Example graphs produced by PredictABEL. a Distributions of predicted risks in individuals with and without age-related macular degeneration (AMD); b ROC plot presenting risk models without and with genetic variants; and c Calibration plot comparing predicted risks with observed risks. Figure 1a and c present the risk model based on genetic and non-genetic risk factors

Finally, Table 2 presents an example of the reclassification table and statistics that are produced by PredictABEL. The reclassification table presents the categorization into risk groups according to the initial and updated risk models. The table provides information about the total number of individuals that change between risk categories and about correct and incorrect reclassification. The percentage of total reclassification and NRI are calculated from the reclassification table. The table indicates that net 8.8% of the individuals without AMD and 9.6% of those with AMD would be correctly reclassified when the clinical model was updated by the addition of genetic factors.

Table 2 Reclassification table comparing clinical risk models without and with genetic factors

Conclusions

PredictABEL is a comprehensive software package, designed for the development and assessment of genetic risk prediction models.
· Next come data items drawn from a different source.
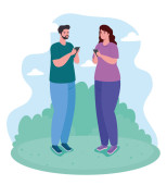Zdjęcie "para korzystająca ze smartfona outdoor, mediów społecznościowych i technologii komunikacyjnych" może być wykorzystywane do celów osobistych i komercyjnych zgodnie z warunkami zakupionej licencji Royalty-free. Obraz jest dostępny do pobrania w jakości wysokiej rozdzielczości do 5760x3840.
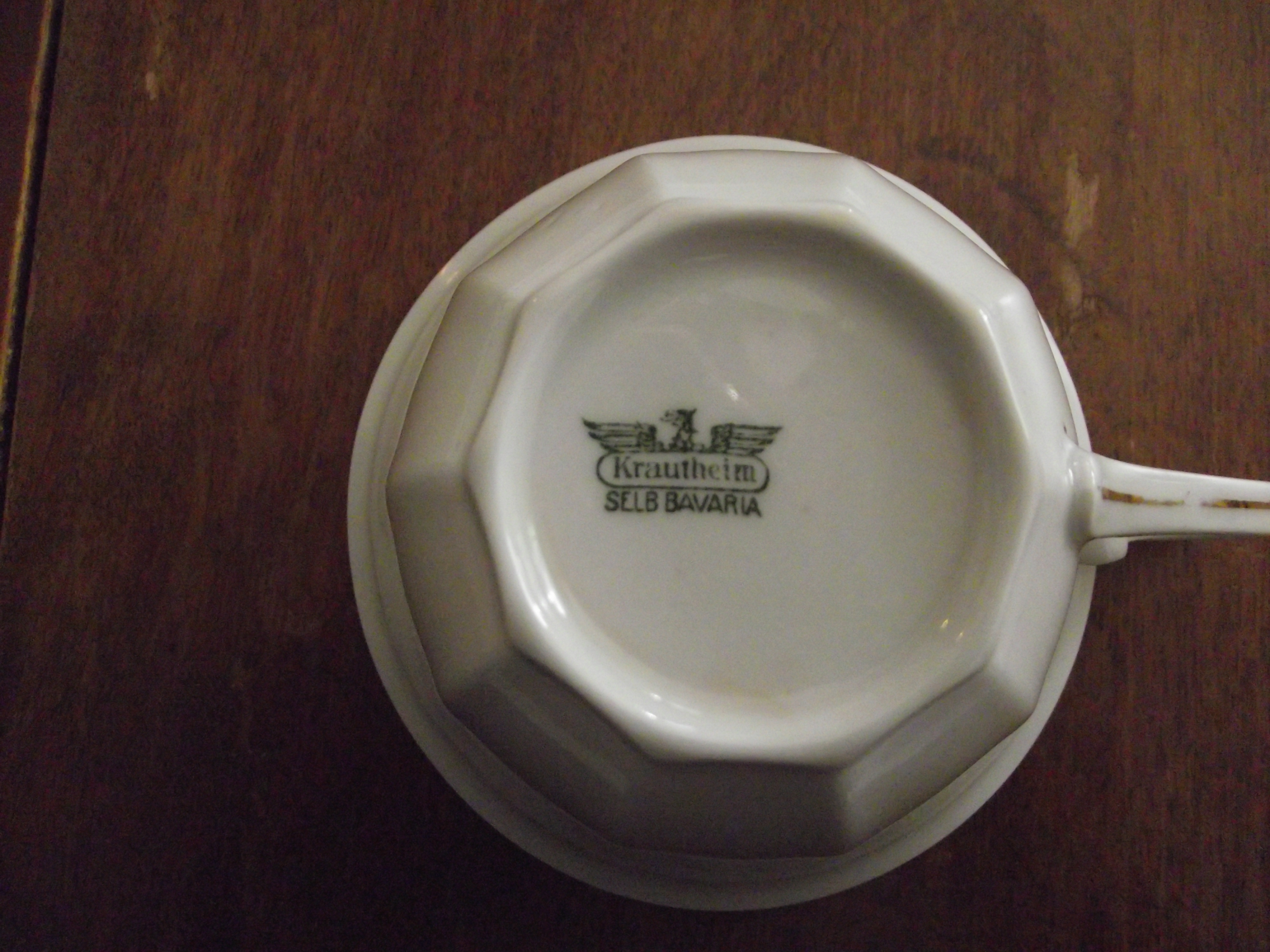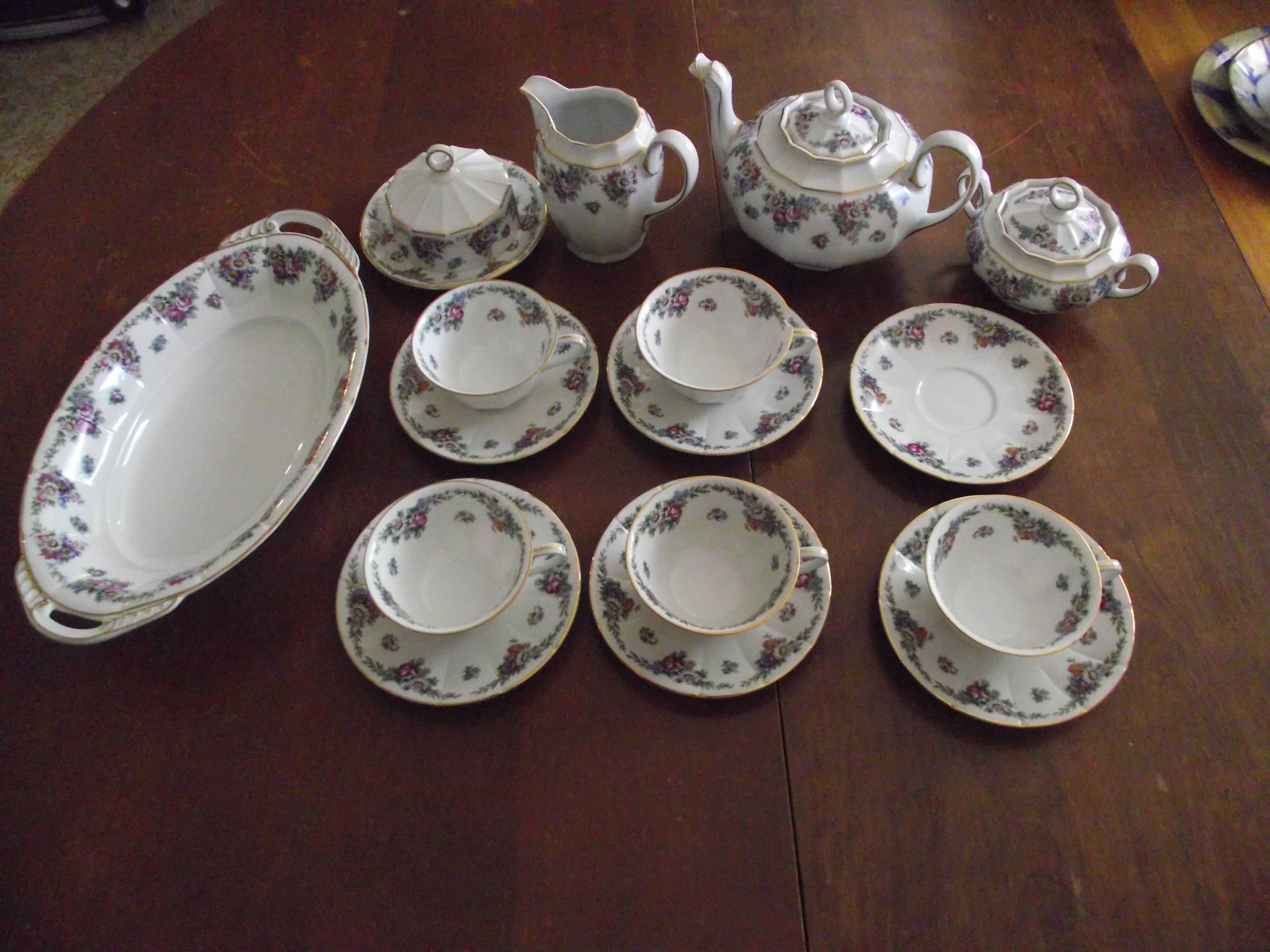 Tea set, estimate 70 years old, two cracks/chips, one cup missing. Back stamp as seen on picture.
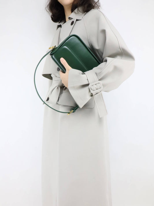 Green Leather Shoulder Bag & Crossbody Bag + Long Trench Coat for Women
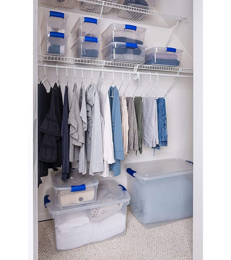 2 PACK OF STORAGE CONTAINERS: Pack of 2. 66-quart containers offers the perfect storage solution for storing holiday decor. linens. clothes. craft supplies. toys. and other household items
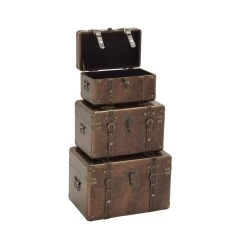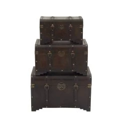 Buy π Set of 3″ Brown Wood Traditional Trunk, 28″, 24″, 20″ by Ivory and Iris π

PredictABEL is a part of the GenABEL software suite for statistical genomics [14, 15] and for that reason written in R to enable easy transfer of data from gene discovery to genetic prediction studies. A detailed manual is available that demonstrates and explains all the functions in the package. The manual is accessible for researchers who do not regularly use R software. The manual and the package are freely available from the GenABEL project website (http://www.genabel.org) and from CRAN (http://cran.r-project.org/).

The current version of PredictABEL (version 1.1) includes all basic descriptive tables, measures and plots that are used in the assessment of risk prediction models. Planned extensions of the package include other strategies to construct risk models, e.g., using Cox Proportional Hazards analysis for prospective data, and functions to construct simulated data for the evaluation of genetic risk models [13]. Furthermore, we will optimize the interconnectivity between PredictABEL and other packages in the GenABEL suite.

Where the GRIPS Statement aims to improve the transparency, quality and completeness of reporting [5, 6], PredictABEL has similar goals for the assessment of genetic risk prediction studies. The collection of all measures and plots in a single, software package gives a comprehensive overview of the various measures that are available for the assessment of risk prediction studies. This overview emphasizes that different measures are available to answer different questions in the assessment of risk models and facilitates the selection of the most appropriate measure for the question under study.